** Input data **

=== Section Start ===

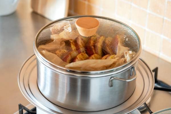フタを開けずに中の様子を確認出来るため蒸しすぎを防いでちょうどいい仕上がりに。
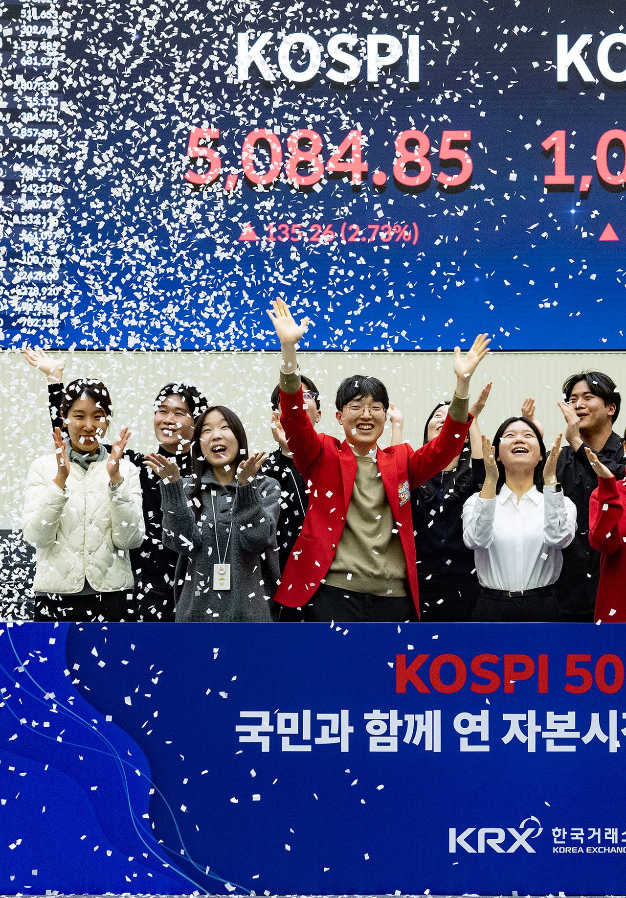 코스피가 사상 처음 종가 기준 5000선을 돌파했다. 27일 코스피는 전날보다 2.73% 오른 5084.85에 장을 마쳤다. 이날 서울 한국거래소에서 직원들이 종가가 표시된 전광판 앞에서 세리머니를 하고 있다.
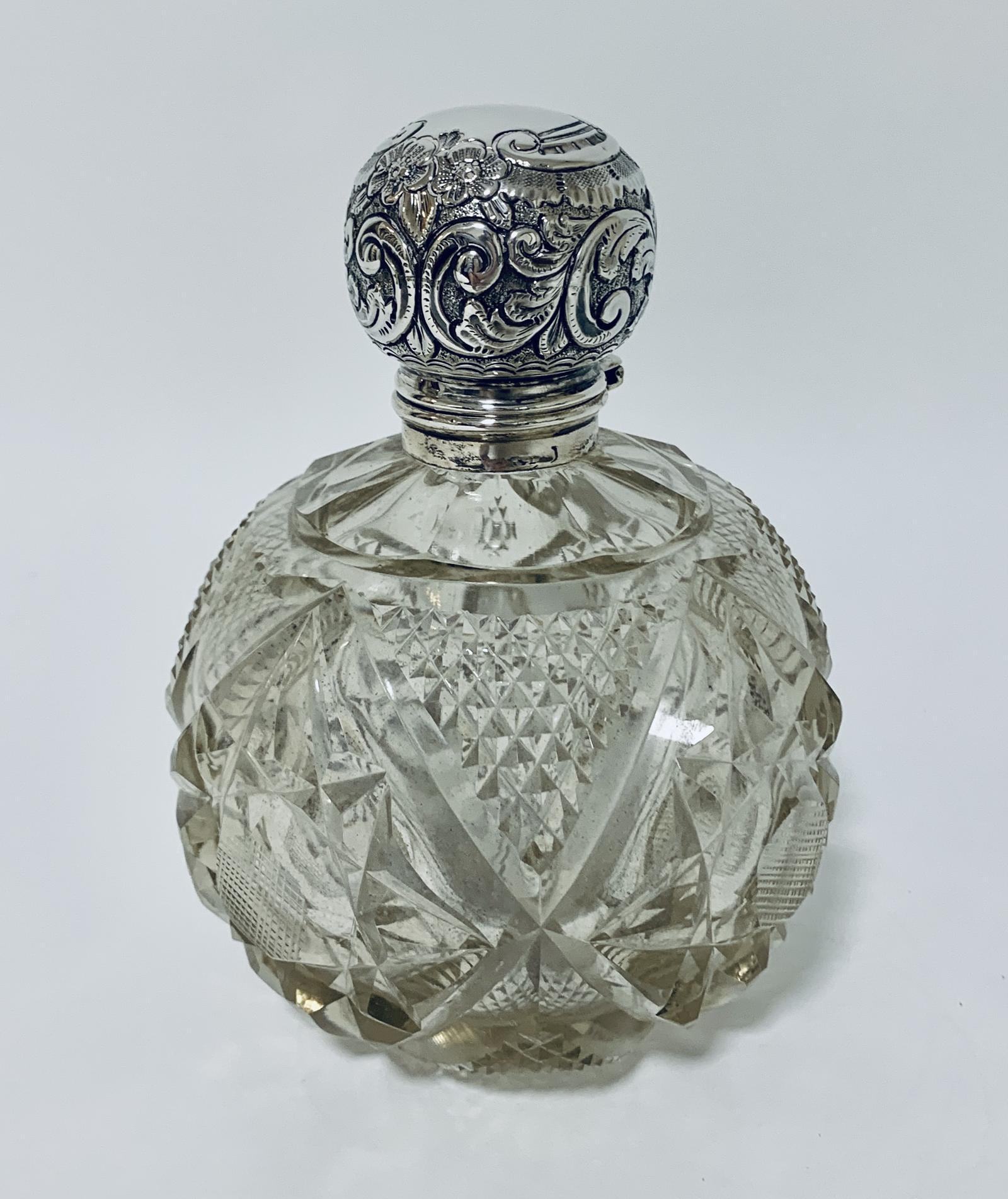 Large Edwardian Cut Glass Scent Bottle with Silver Top

=== Section End ===

** Problem description **
Would you reproduce each line of the material exactly, omitting the images?

** Exercise response **
フタを開けずに中の様子を確認出来るため蒸しすぎを防いでちょうどいい仕上がりに。
 코스피가 사상 처음 종가 기준 5000선을 돌파했다. 27일 코스피는 전날보다 2.73% 오른 5084.85에 장을 마쳤다. 이날 서울 한국거래소에서 직원들이 종가가 표시된 전광판 앞에서 세리머니를 하고 있다.
 Large Edwardian Cut Glass Scent Bottle with Silver Top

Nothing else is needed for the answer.